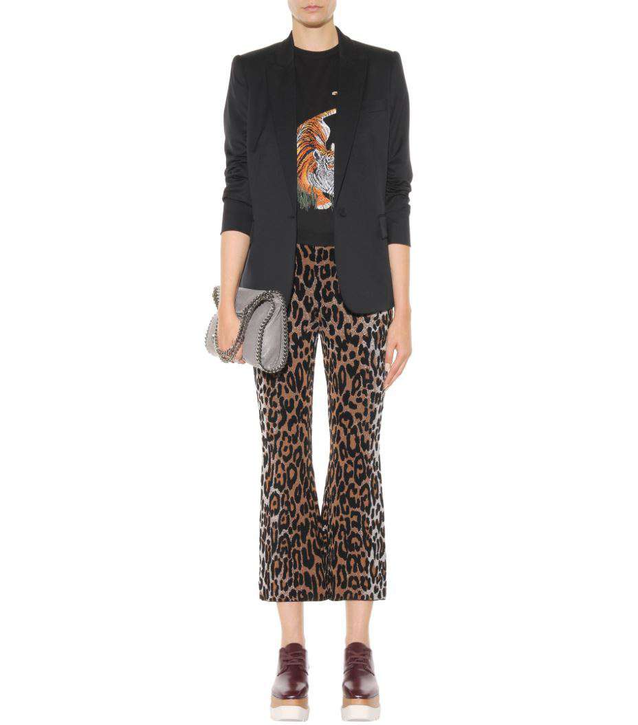 Give your new-season wardrobe a bold finish with these statement-making trousers from Stella McCartney. Knitted with a leopard motif in a fitted-then-flared shape, they will give any blouse a punchy finish. Style yours with platform shoes to highlight the cropped length. Elasticated waist. 50% viscose, 35% wool, 15% polyamide. Waistband: 56% wool, 24% silk, 18% polyamide, 2% elastane.
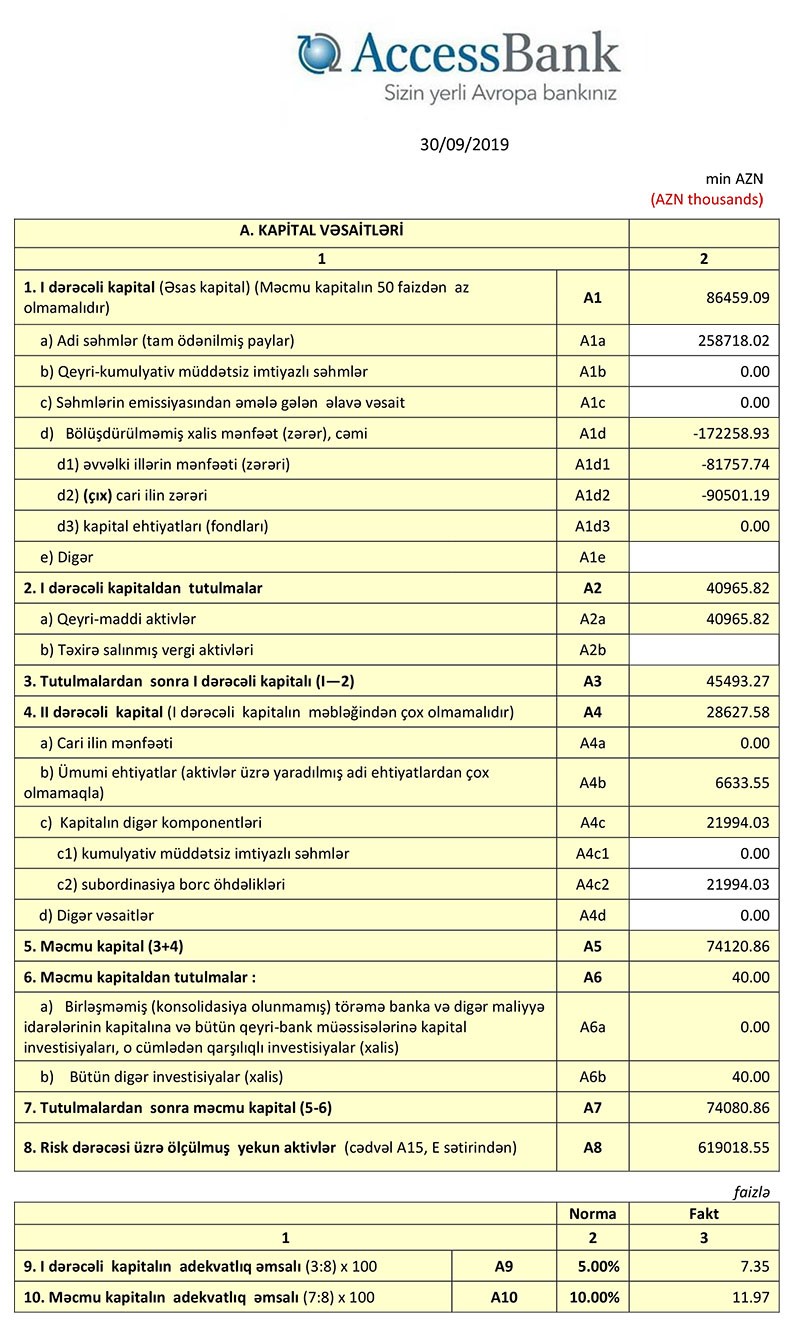 Bu ilin 90 milyon 501 min manat xalis zərər ilə “AccessBank”ın yığılmış zərəri 172 milyon 258 min manata çatıb. Bank 258 milyon 718 min manat nizamnamə kapitalına malik olduğundan bu zərər ödənib və bundan sonra “AccessBank”ın 93 milyon 93 min manat cəmi kapitalı da mövcuddur.
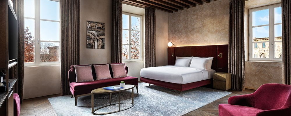 The recently opened Grand Universe Lucca, Autograph Collection is a historical beacon in the city of Lucca, at the foot of the Apuan Alps. Standing gracefully overlooking Piazza del Giglio and Piazza Napoleone, Grand Universe Lucca has evolved through the millenniums, from a glassblower’s atelier in the Roman era, to a majestic palazzo during the Renaissance, and a monumental hotel in the mid-18th century.
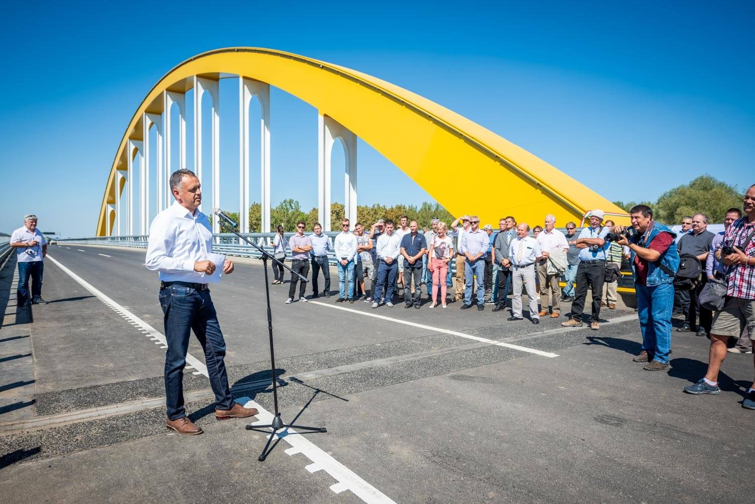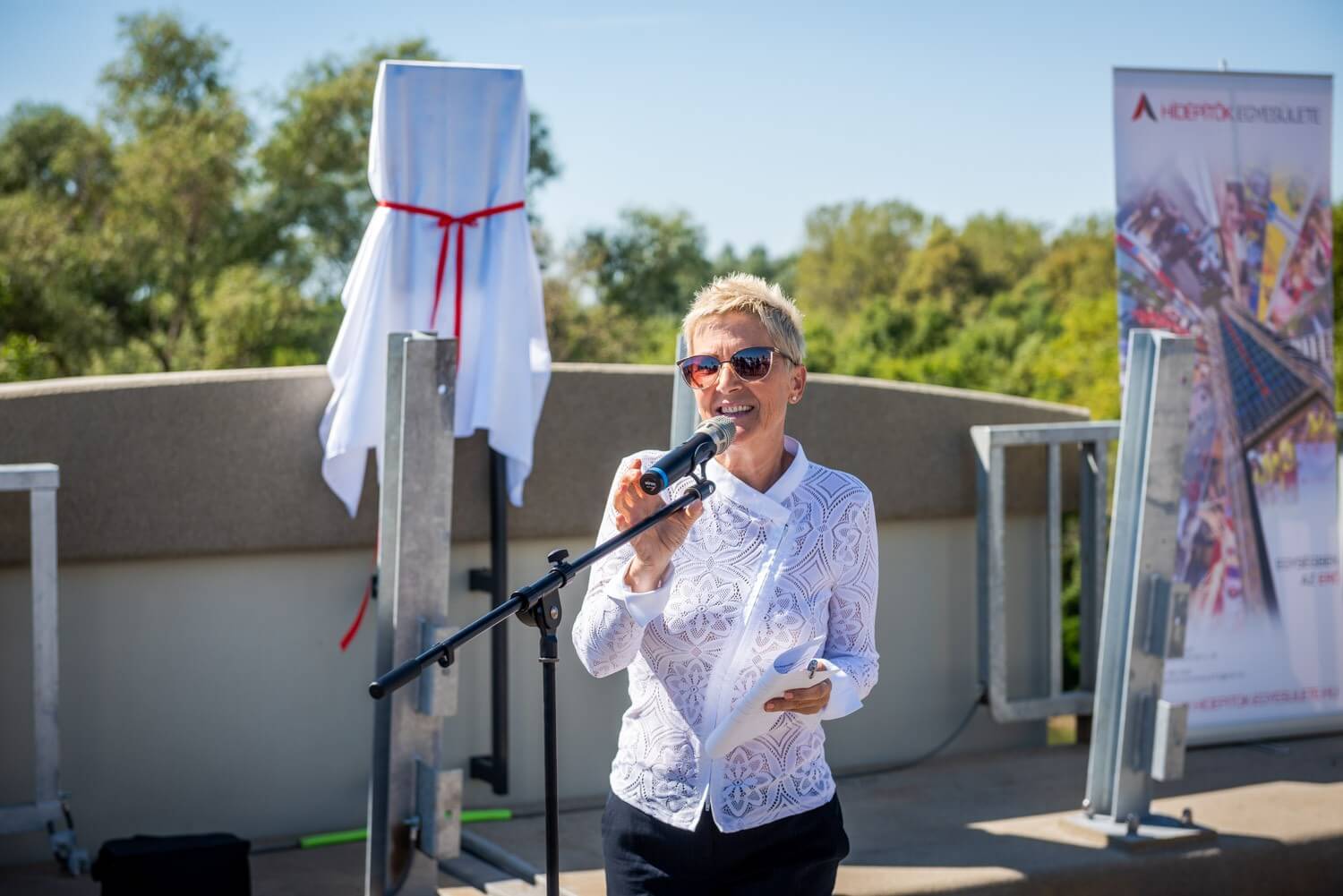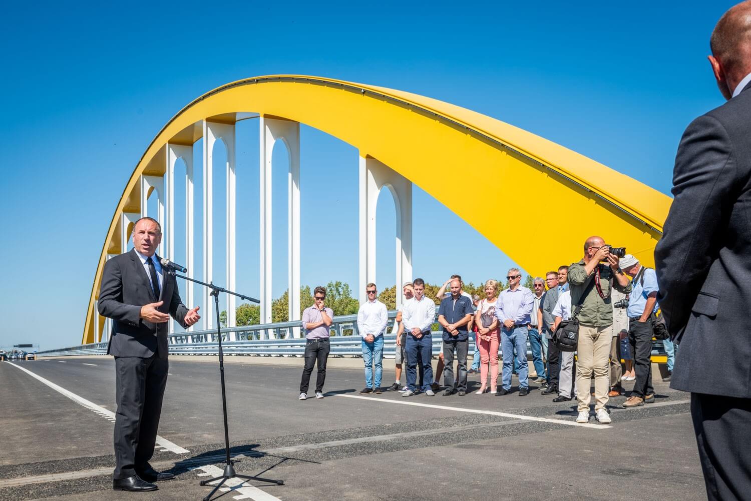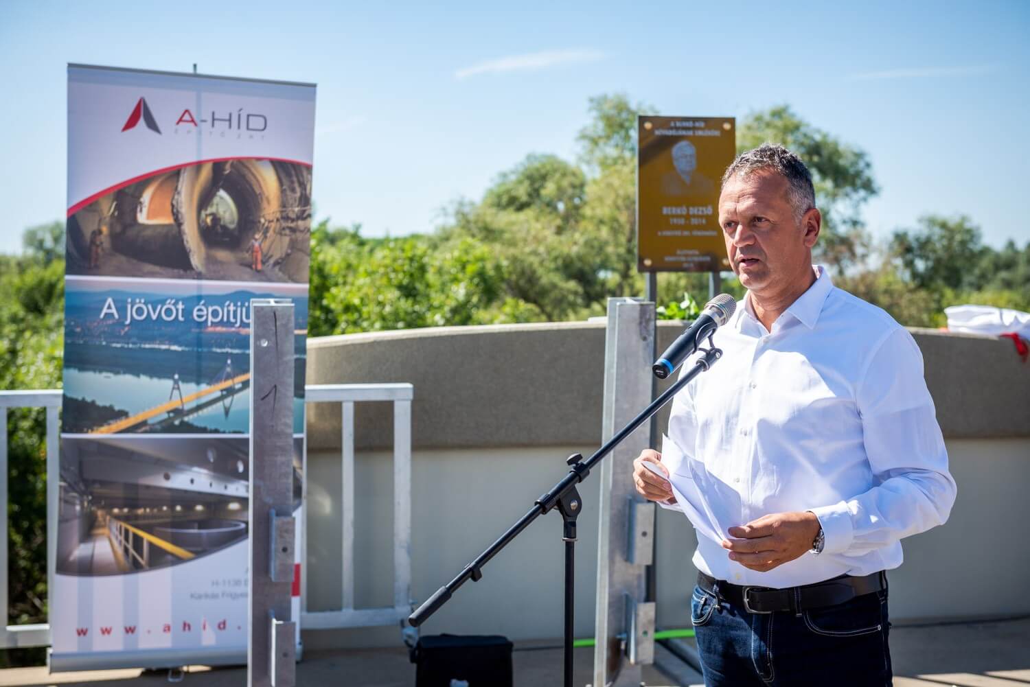 Az első felszólalások után ünnepélyesen leleplezték a híd névadójáról megemlékező táblát, ezt követően pedig Sal László, az A-Híd Zrt. vezérigazgatója szólalt fel.
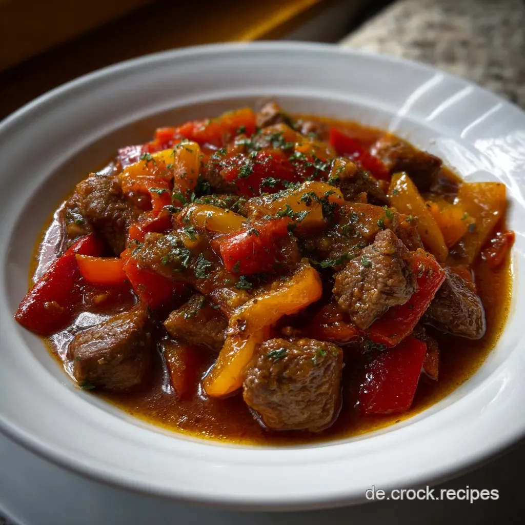 - Ablöschen und Köcheln: Lösche sofort mit der Brühe und den Dosentomaten ab. Rühre alles gut durch, kratze die angebrannten Reste vom Boden (das ist purer Geschmack!) und füge die Lorbeerblätter hinzu. Gib das Fleisch zurück. Lass die Soße 15 Minuten leise vor sich hin blubbern, damit sich die Aromen vermählen können.
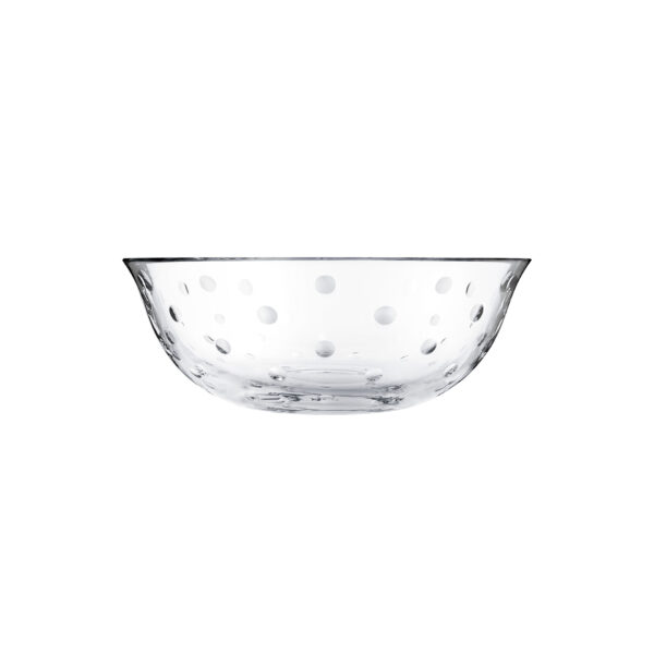 Bubbles Bowl. Vibrant and sensual, designed as part of a vast service of shapes and uses, from tableware to bar patterns, Bubbles reinvigorated the art of creation of clear and coloured crystal within Saint-Louis. A mischievous stack of crystal marbles on the stem and bubbles, dotting the parison, are the hallmarks of this original service.
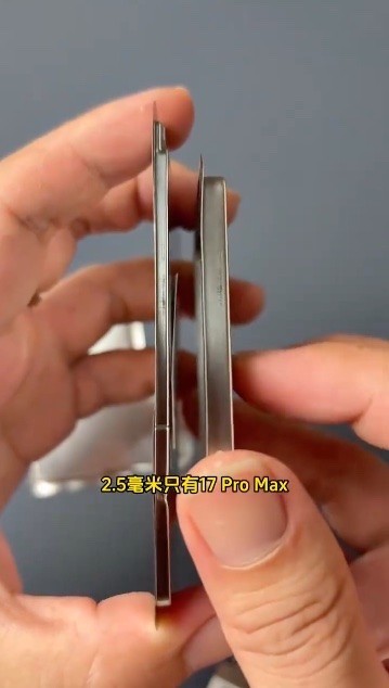 此外,该网友还和iPhone 17 Pro的电池进行了对比,从肉眼看iPhone 17 Air的电池厚度仅为其一半。
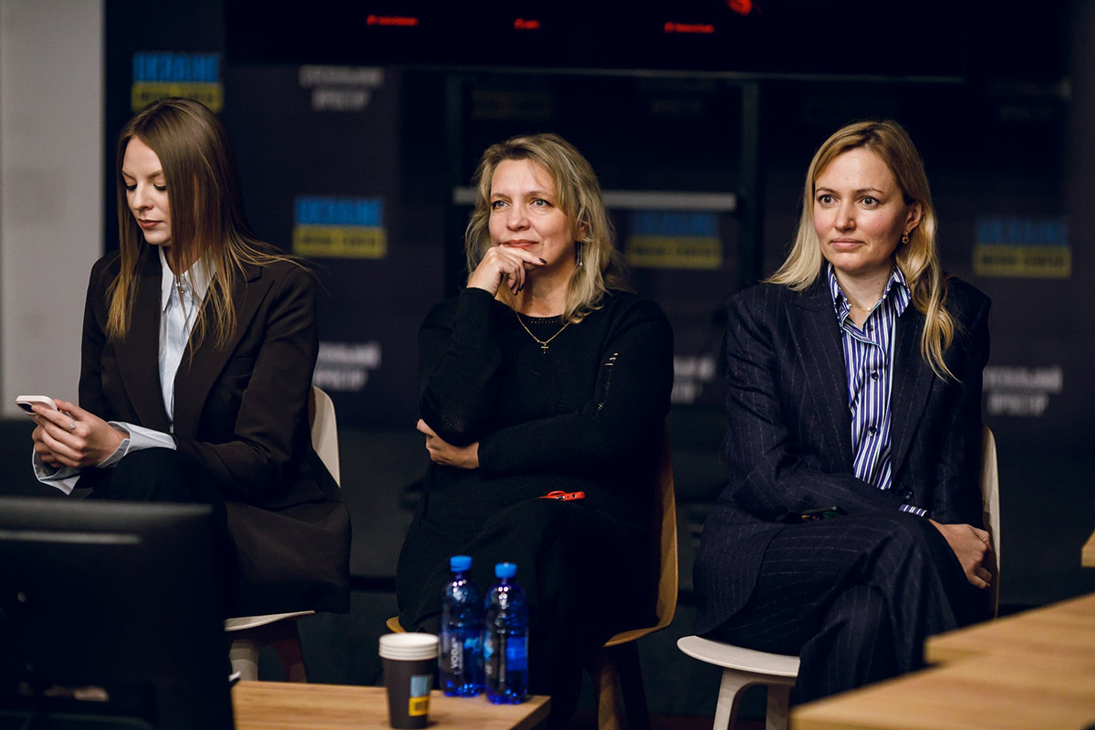 На фото: Керівниця напрямку стратегічних партнерств і впливу у DII Ukraine Марія Вереітіна, Координаторка проєкту Кластер релокованих медіа, редакторка сайту Маріуполя 0629.com.ua Анна Мурликіна та Любов Раковиця
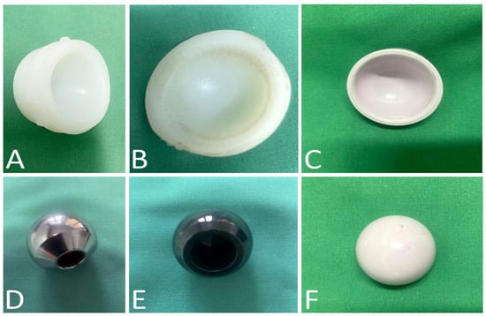 (A) HXLPE liner, (B) wear areas spotted on UHMWPE liner, (C) ceramic liner, (D) CoCrMo metallic head, (E) Oxinium head, (F) ceramic head (Orthopedics and Traumatology Department, Clinical Rehabilitation Hospital of Iași, Romania).
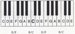 ef-bc-on-piano vreny+ | February 1, 2017← Return to The Major Scale‹›A piano keyboard showing the EF and BC half step locations
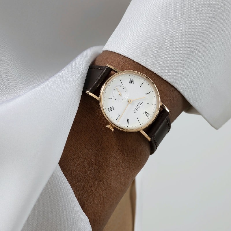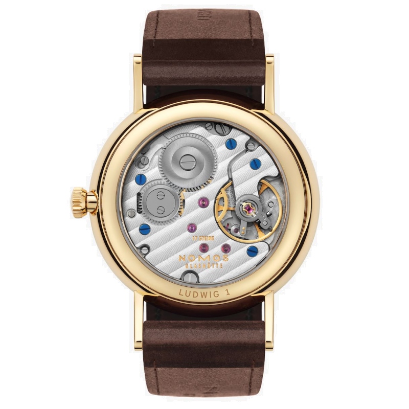 The NOMOS Glashütte Ludwig Gold 33 ref: 210 watch: The best things come in small packages. This watch is a classic with its Roman numerals and gold case. A recessed gold bezel frames the silver-white dial, the slight curvature of the lugs traces the shape of the wrist for optimal comfort.
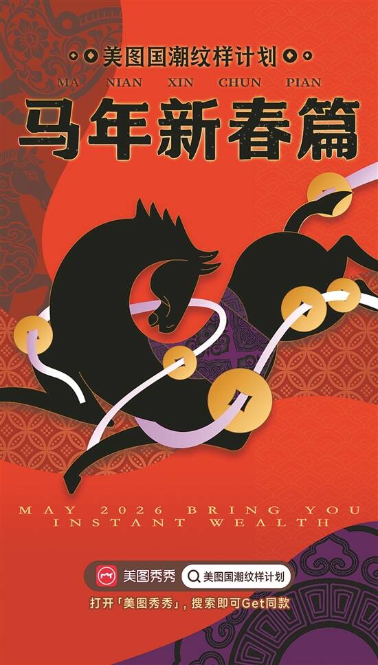 纹样是流淌在中华文明长河中的视觉符号,承载着深厚的历史底蕴与审美智慧。本次马年新春专题,美图秀秀深入挖掘与“马”相关的吉祥文化与纹样体系,对马纹、钱纹、如意纹、回纹等传统纹样进行创新演绎,将新春祝福注入设计之中,使古老纹样成为传递节日情感的创意媒介。

## Task
Only one stretch of the material above is wanted: the line containing "На фото: Керівниця" through the line containing "(A) HXLPE liner, (B)". Restate it word for word, minus the pictures.

## Task answer
 На фото: Керівниця напрямку стратегічних партнерств і впливу у DII Ukraine Марія Вереітіна, Координаторка проєкту Кластер релокованих медіа, редакторка сайту Маріуполя 0629.com.ua Анна Мурликіна та Любов Раковиця
 (A) HXLPE liner, (B) wear areas spotted on UHMWPE liner, (C) ceramic liner, (D) CoCrMo metallic head, (E) Oxinium head, (F) ceramic head (Orthopedics and Traumatology Department, Clinical Rehabilitation Hospital of Iași, Romania).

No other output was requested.